Task item: In the records below, the lines between the one holding "(2)点开引入数据界面,点击【模板管理】-【新增模板】" and the one holding "Teknofest’te Bilim Şehitkamil", inclusive, are to be transcribed exactly; no pictures are to be included.

Data in this exercise:
>>
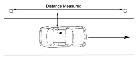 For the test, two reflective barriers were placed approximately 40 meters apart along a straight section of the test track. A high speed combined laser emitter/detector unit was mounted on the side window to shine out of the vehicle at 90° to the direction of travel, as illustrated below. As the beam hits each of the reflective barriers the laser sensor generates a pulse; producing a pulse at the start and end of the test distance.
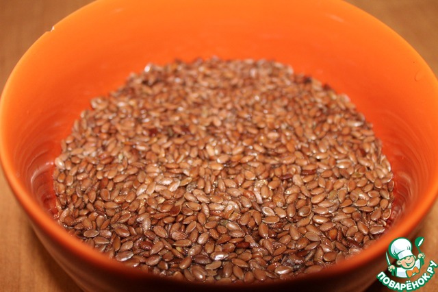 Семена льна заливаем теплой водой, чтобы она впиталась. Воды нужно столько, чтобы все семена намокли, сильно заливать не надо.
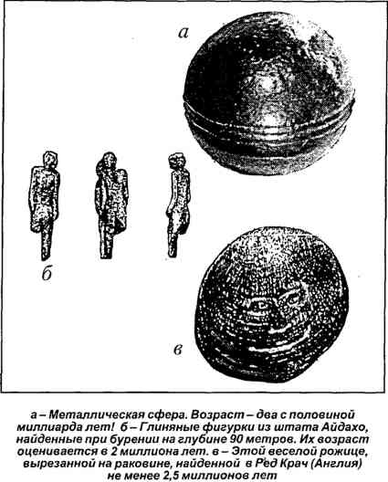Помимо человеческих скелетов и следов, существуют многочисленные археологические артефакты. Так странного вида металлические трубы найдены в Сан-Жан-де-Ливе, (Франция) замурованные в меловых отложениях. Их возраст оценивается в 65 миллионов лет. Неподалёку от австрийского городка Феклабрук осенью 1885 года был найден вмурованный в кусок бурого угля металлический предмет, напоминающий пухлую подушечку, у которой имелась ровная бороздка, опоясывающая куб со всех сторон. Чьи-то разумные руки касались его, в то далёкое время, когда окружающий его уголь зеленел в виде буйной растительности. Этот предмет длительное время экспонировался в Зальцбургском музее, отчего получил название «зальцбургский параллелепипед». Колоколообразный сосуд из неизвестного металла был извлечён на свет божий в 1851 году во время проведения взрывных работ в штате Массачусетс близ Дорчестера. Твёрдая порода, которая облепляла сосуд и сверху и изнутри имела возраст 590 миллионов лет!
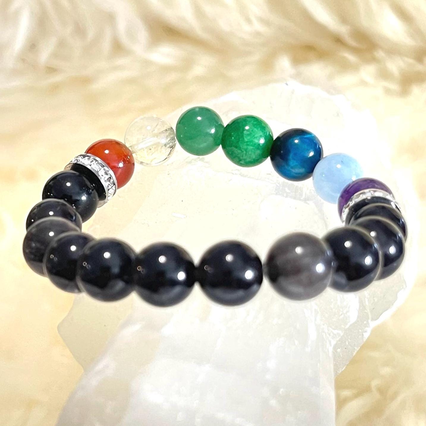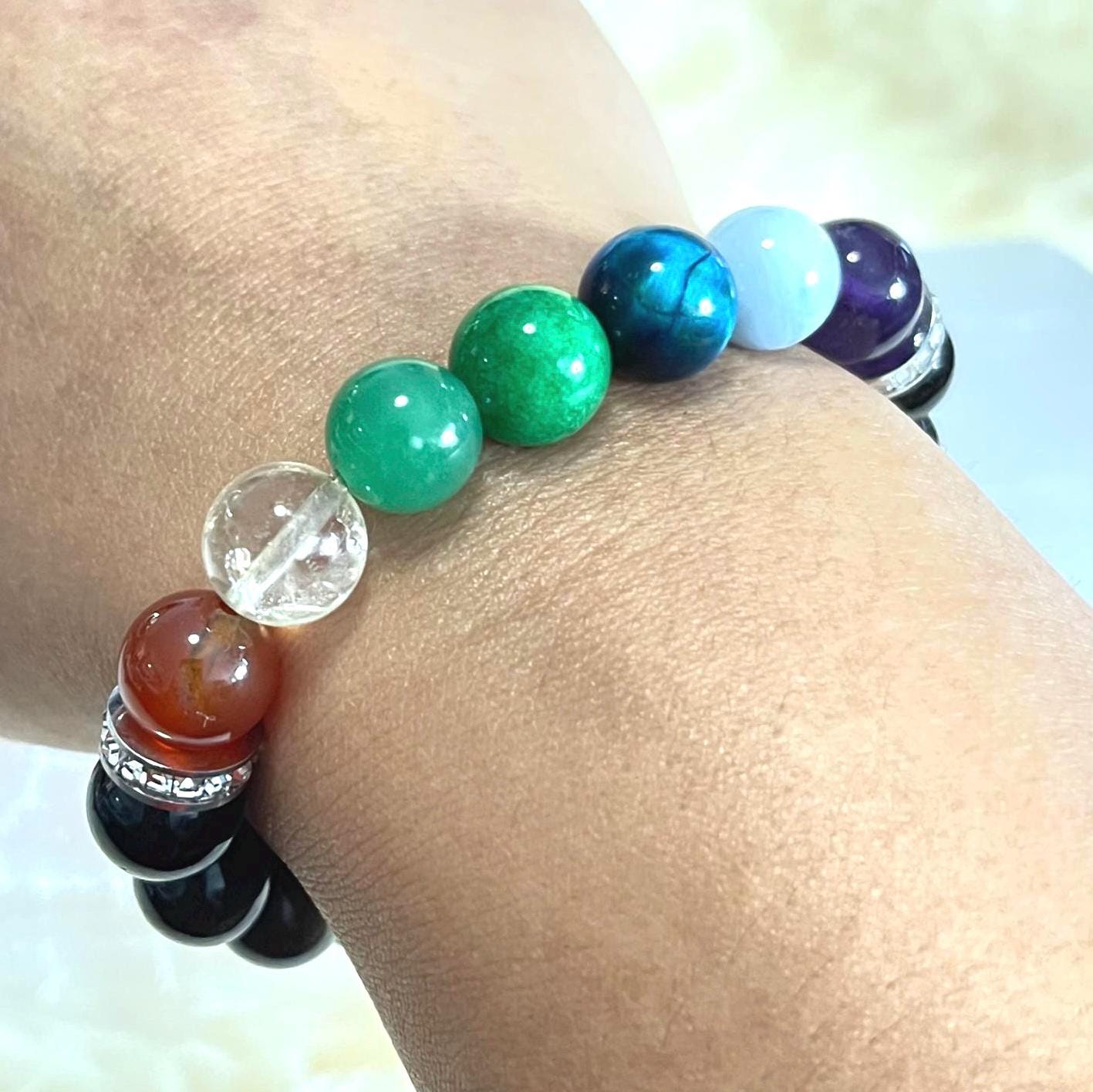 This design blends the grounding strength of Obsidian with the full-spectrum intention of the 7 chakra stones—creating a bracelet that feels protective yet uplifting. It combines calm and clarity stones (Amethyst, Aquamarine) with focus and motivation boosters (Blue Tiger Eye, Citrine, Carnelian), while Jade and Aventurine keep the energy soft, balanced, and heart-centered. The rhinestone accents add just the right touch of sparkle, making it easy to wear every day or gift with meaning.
<<
>>
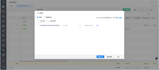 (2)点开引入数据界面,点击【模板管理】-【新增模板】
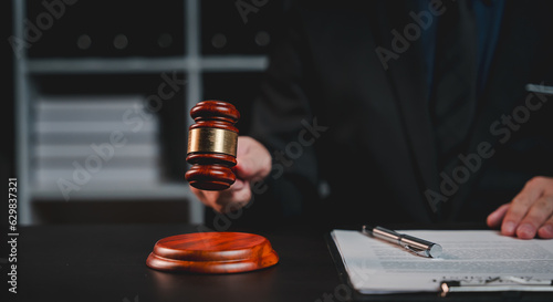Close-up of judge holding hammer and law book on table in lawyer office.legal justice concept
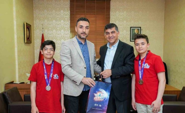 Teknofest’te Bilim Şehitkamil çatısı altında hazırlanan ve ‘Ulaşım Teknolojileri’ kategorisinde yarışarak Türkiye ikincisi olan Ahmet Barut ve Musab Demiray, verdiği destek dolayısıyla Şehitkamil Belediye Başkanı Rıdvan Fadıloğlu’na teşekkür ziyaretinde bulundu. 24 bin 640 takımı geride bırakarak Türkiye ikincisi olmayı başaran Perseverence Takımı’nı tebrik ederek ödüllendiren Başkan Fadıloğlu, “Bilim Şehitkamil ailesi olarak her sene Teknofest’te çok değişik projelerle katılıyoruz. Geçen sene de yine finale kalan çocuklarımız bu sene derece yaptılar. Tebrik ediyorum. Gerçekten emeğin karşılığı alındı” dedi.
<<
>>
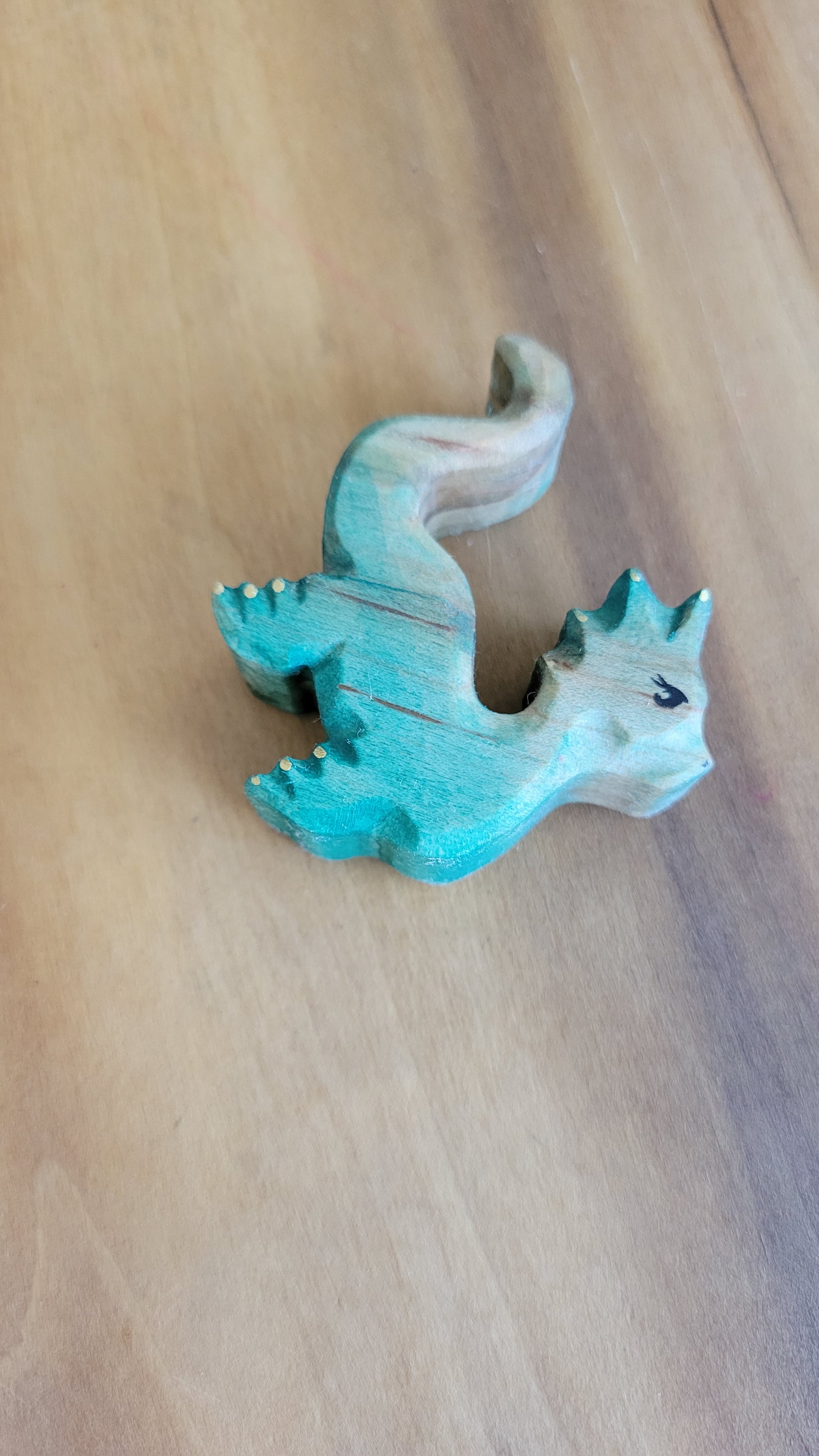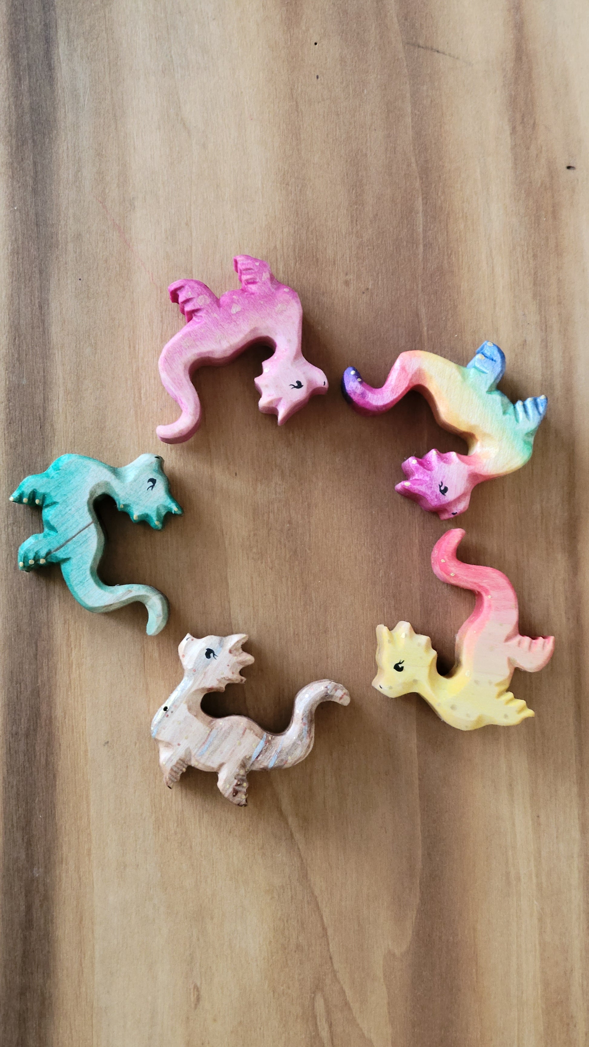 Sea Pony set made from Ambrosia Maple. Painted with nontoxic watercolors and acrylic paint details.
<<
Answer area:
 (2)点开引入数据界面,点击【模板管理】-【新增模板】
Close-up of judge holding hammer and law book on table in lawyer office.legal justice concept
 Teknofest’te Bilim Şehitkamil çatısı altında hazırlanan ve ‘Ulaşım Teknolojileri’ kategorisinde yarışarak Türkiye ikincisi olan Ahmet Barut ve Musab Demiray, verdiği destek dolayısıyla Şehitkamil Belediye Başkanı Rıdvan Fadıloğlu’na teşekkür ziyaretinde bulundu. 24 bin 640 takımı geride bırakarak Türkiye ikincisi olmayı başaran Perseverence Takımı’nı tebrik ederek ödüllendiren Başkan Fadıloğlu, “Bilim Şehitkamil ailesi olarak her sene Teknofest’te çok değişik projelerle katılıyoruz. Geçen sene de yine finale kalan çocuklarımız bu sene derece yaptılar. Tebrik ediyorum. Gerçekten emeğin karşılığı alındı” dedi.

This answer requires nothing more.